WHAT TO DO
Return the data below exactly, please, but drop the pictures.

=== GIVEN RECORDS ===

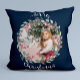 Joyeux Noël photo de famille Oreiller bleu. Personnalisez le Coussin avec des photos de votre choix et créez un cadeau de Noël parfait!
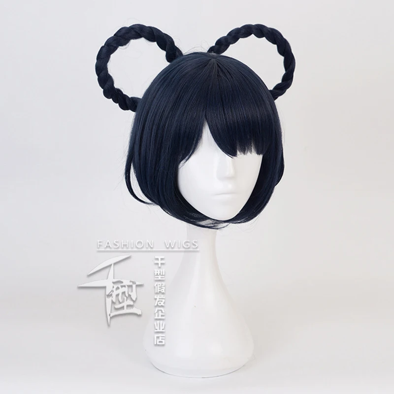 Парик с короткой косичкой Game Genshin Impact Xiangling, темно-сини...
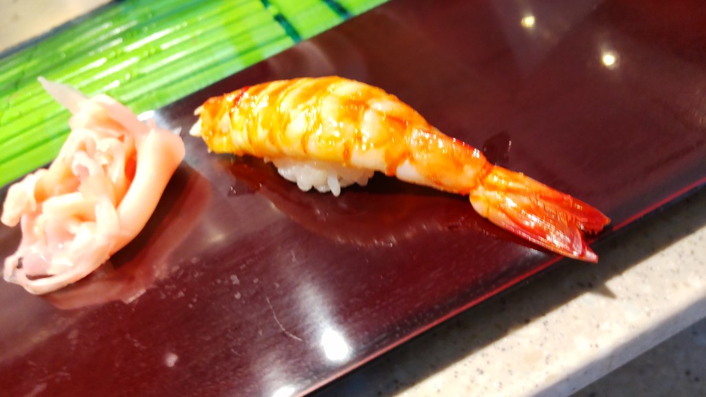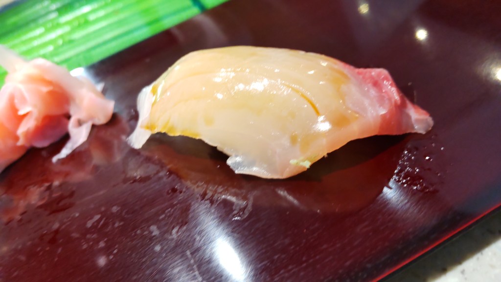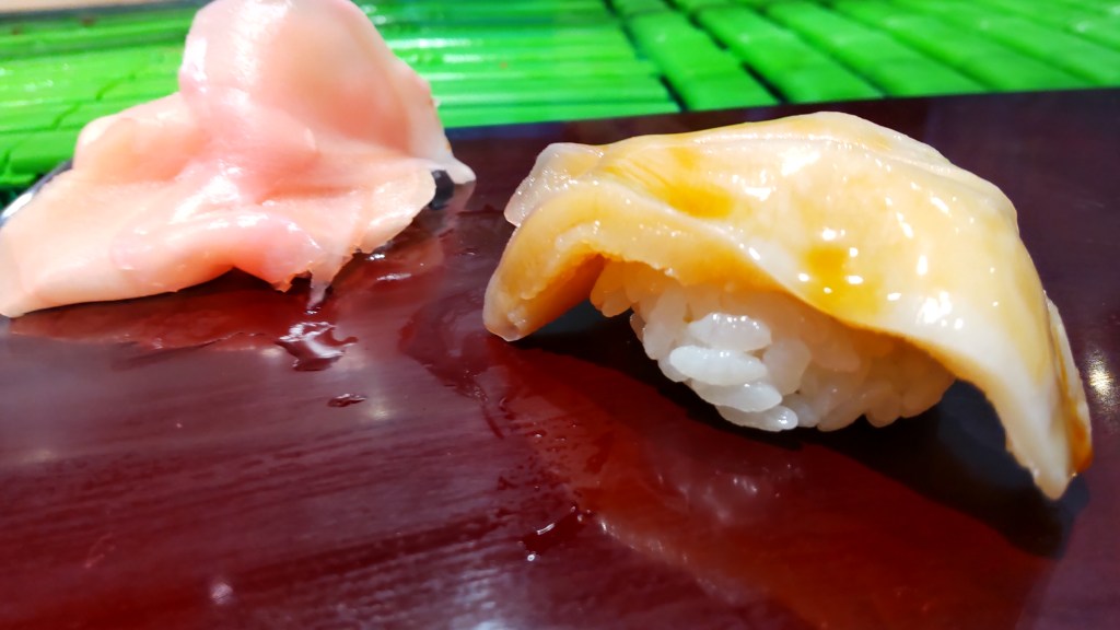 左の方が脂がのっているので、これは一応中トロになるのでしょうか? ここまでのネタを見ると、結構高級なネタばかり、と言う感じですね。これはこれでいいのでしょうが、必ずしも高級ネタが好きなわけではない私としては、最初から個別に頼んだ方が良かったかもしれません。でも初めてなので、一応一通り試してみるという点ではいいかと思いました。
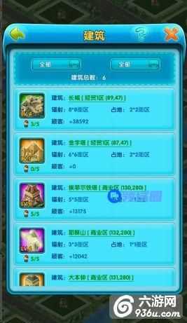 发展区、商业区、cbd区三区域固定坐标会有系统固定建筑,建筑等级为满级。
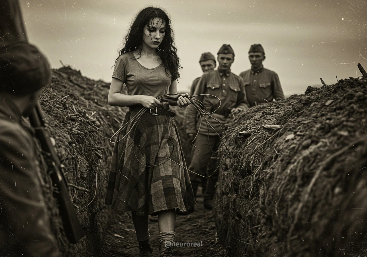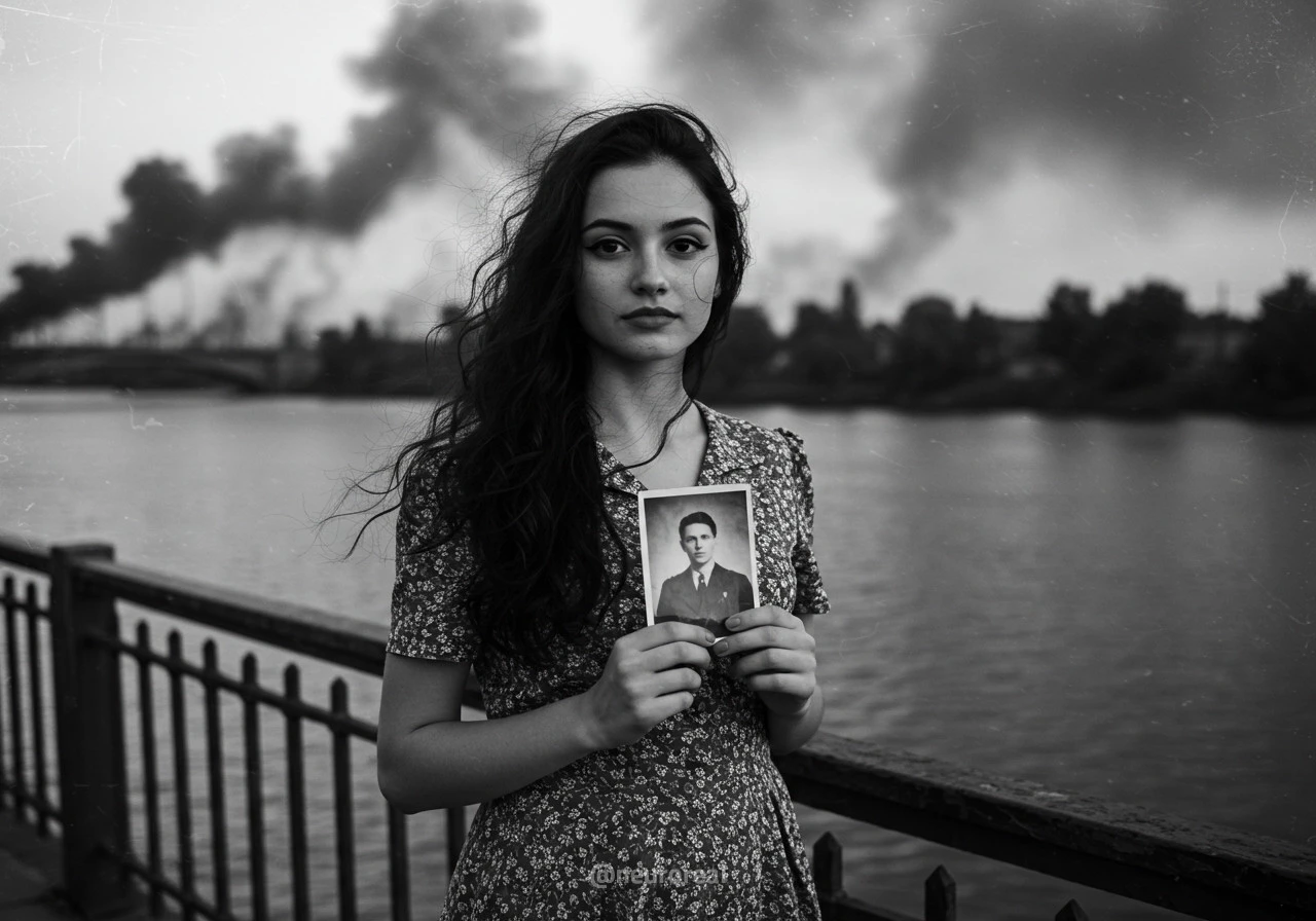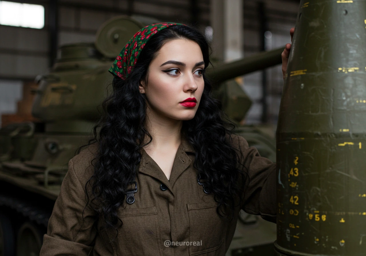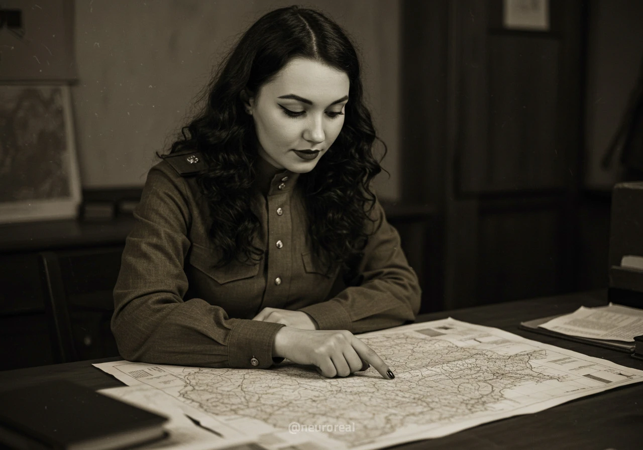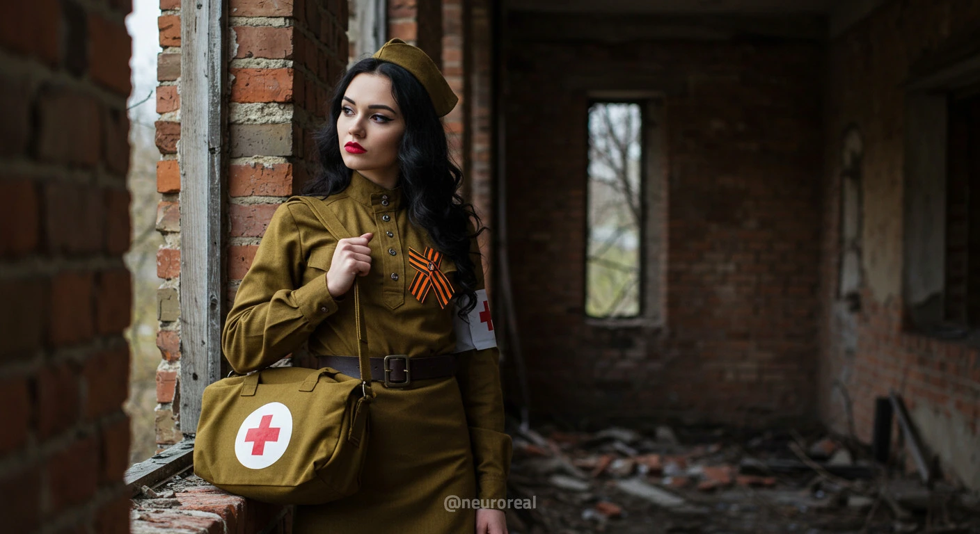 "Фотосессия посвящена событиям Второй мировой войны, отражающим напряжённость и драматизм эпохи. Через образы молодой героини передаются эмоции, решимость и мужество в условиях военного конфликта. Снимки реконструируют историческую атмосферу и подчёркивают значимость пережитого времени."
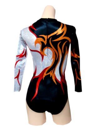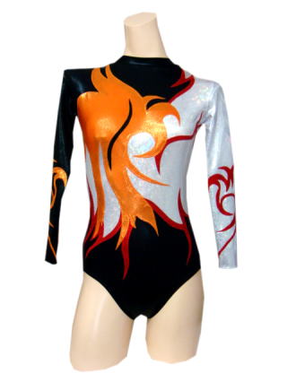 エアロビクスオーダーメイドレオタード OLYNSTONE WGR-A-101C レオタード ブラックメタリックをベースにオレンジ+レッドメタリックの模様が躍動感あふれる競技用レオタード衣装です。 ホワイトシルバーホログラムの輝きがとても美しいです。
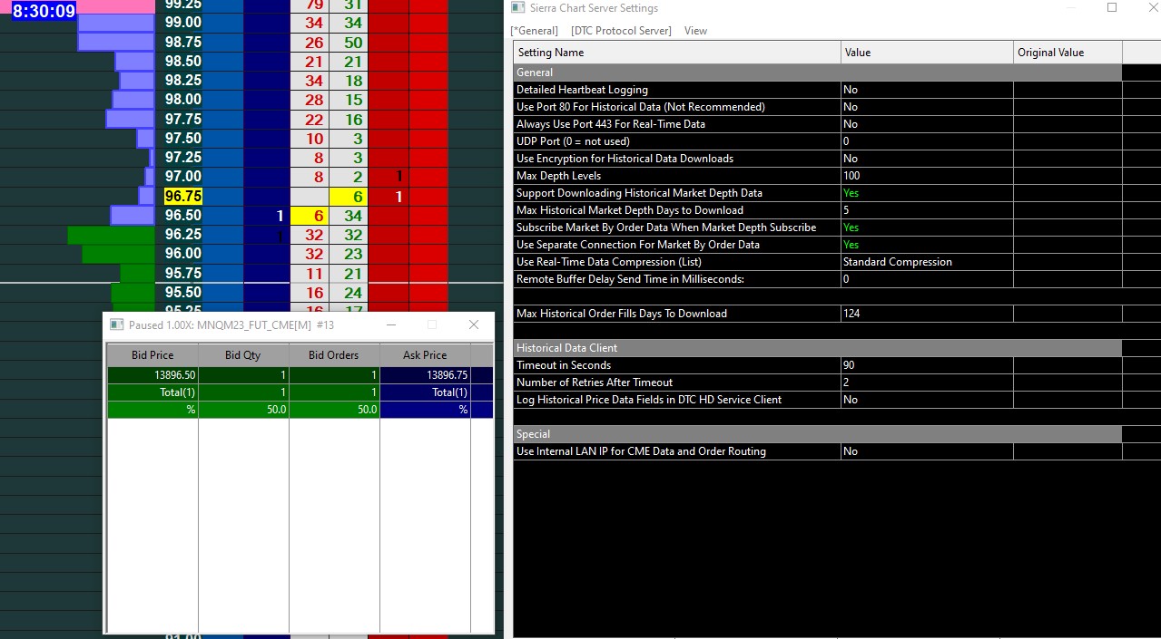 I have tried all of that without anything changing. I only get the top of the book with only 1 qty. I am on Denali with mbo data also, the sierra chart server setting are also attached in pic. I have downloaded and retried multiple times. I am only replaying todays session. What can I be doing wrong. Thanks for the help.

===

ANSWER TO THE EXERCISE
 Joyeux Noël photo de famille Oreiller bleu. Personnalisez le Coussin avec des photos de votre choix et créez un cadeau de Noël parfait!
 Парик с короткой косичкой Game Genshin Impact Xiangling, темно-сини...
 左の方が脂がのっているので、これは一応中トロになるのでしょうか? ここまでのネタを見ると、結構高級なネタばかり、と言う感じですね。これはこれでいいのでしょうが、必ずしも高級ネタが好きなわけではない私としては、最初から個別に頼んだ方が良かったかもしれません。でも初めてなので、一応一通り試してみるという点ではいいかと思いました。
 发展区、商业区、cbd区三区域固定坐标会有系统固定建筑,建筑等级为满级。
 "Фотосессия посвящена событиям Второй мировой войны, отражающим напряжённость и драматизм эпохи. Через образы молодой героини передаются эмоции, решимость и мужество в условиях военного конфликта. Снимки реконструируют историческую атмосферу и подчёркивают значимость пережитого времени."
 エアロビクスオーダーメイドレオタード OLYNSTONE WGR-A-101C レオタード ブラックメタリックをベースにオレンジ+レッドメタリックの模様が躍動感あふれる競技用レオタード衣装です。 ホワイトシルバーホログラムの輝きがとても美しいです。
 I have tried all of that without anything changing. I only get the top of the book with only 1 qty. I am on Denali with mbo data also, the sierra chart server setting are also attached in pic. I have downloaded and retried multiple times. I am only replaying todays session. What can I be doing wrong. Thanks for the help.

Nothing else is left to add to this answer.